Funded by the Italian Association for Cancer Research under AIRC Investigator Grant. The project has awarded to the Molecular Hematology group, headed by Dimitar Efremov.
The project received EUR 252K funding and is exclusive to the ICGEB.
Recent studies have shown that the B cell receptor (BCR) pathway is activated in chronic lymphocytic leukemia (CLL) B cells by two types of interactions. The first type are interactions with low-affinity external autoantigens, which are typically recognized by the leukemic BCRs from patients with aggressive/IGHV-unmutated CLL. The second type are cell-autonomous BCR-BCR interactions, which are a feature of leukemic BCRs from patients with both aggressive/IGHV-unmutated and indolent/IGHV-mutated CLL.

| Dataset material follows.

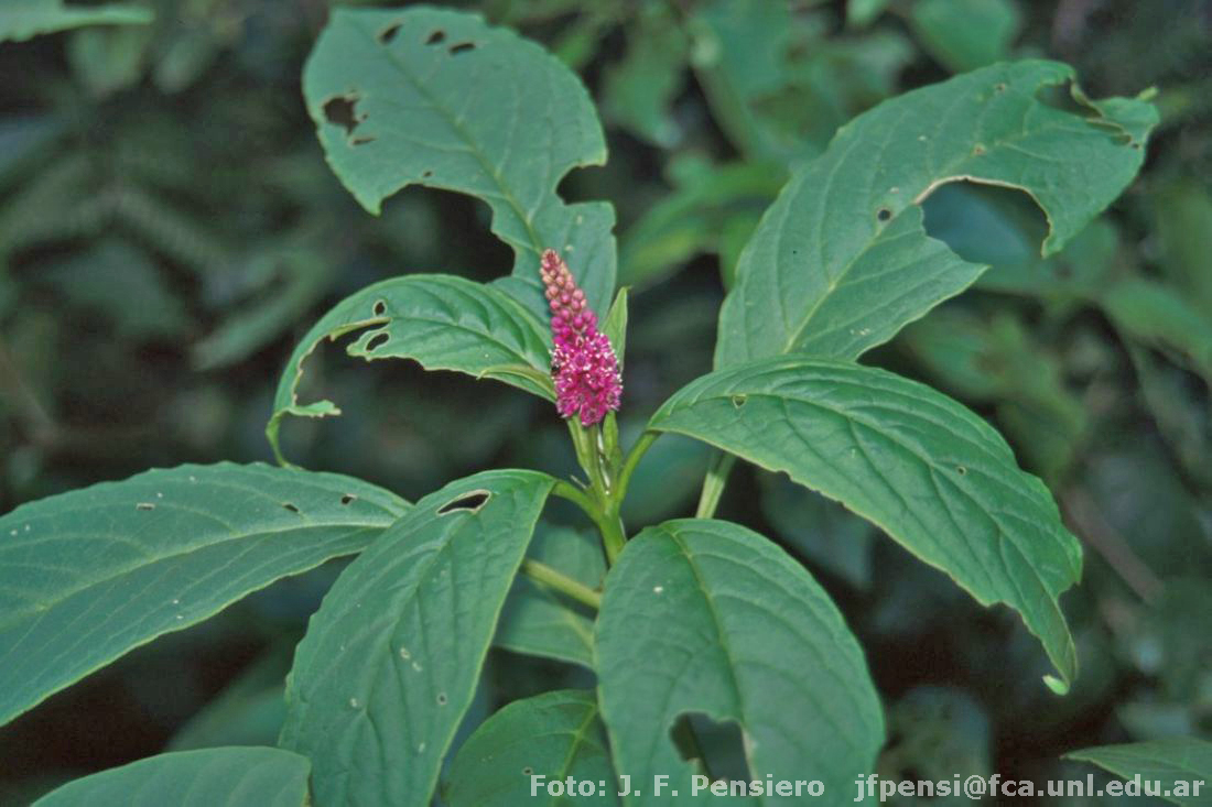 Phytolacca australis Phil. Pflanzenr. 4(Heft 39): 58. 1909 Cuando Philippi publica el nombre P. australis (Anales Univ. Chile 43: 536. 1873), diferencia ésta de P. bogotensis por presentar los pecíolos y las inflorescencias más cortas que sus hojas, pero proponiendo un nombre provisional a la especie, ya que escribe “podría llamarse P. australis”. Por este motivo, el nombre de Philippi se considera un nombre inválido (Art. 36. 1, ICBN), que posteriormente valida Walter, dando en su obra una descripción detallada de la especie.

In a recent study we showed that both types of interactions are positively selected during leukemia development in the Em-TCL1 transgenic mouse model of CLL, suggesting that they have independent roles in the pathogenesis of the disease.
The main objective of this project is to characterize the composition of the BCR microsignalosomes and the downstream signaling pathways that are activated by the different BCR interactions in murine and human CLL B cells. Characterization of these signals at the molecular level is important because it may lead to the identification of novel biomarkers to predict disease progression as well as novel targets for CLL treatment.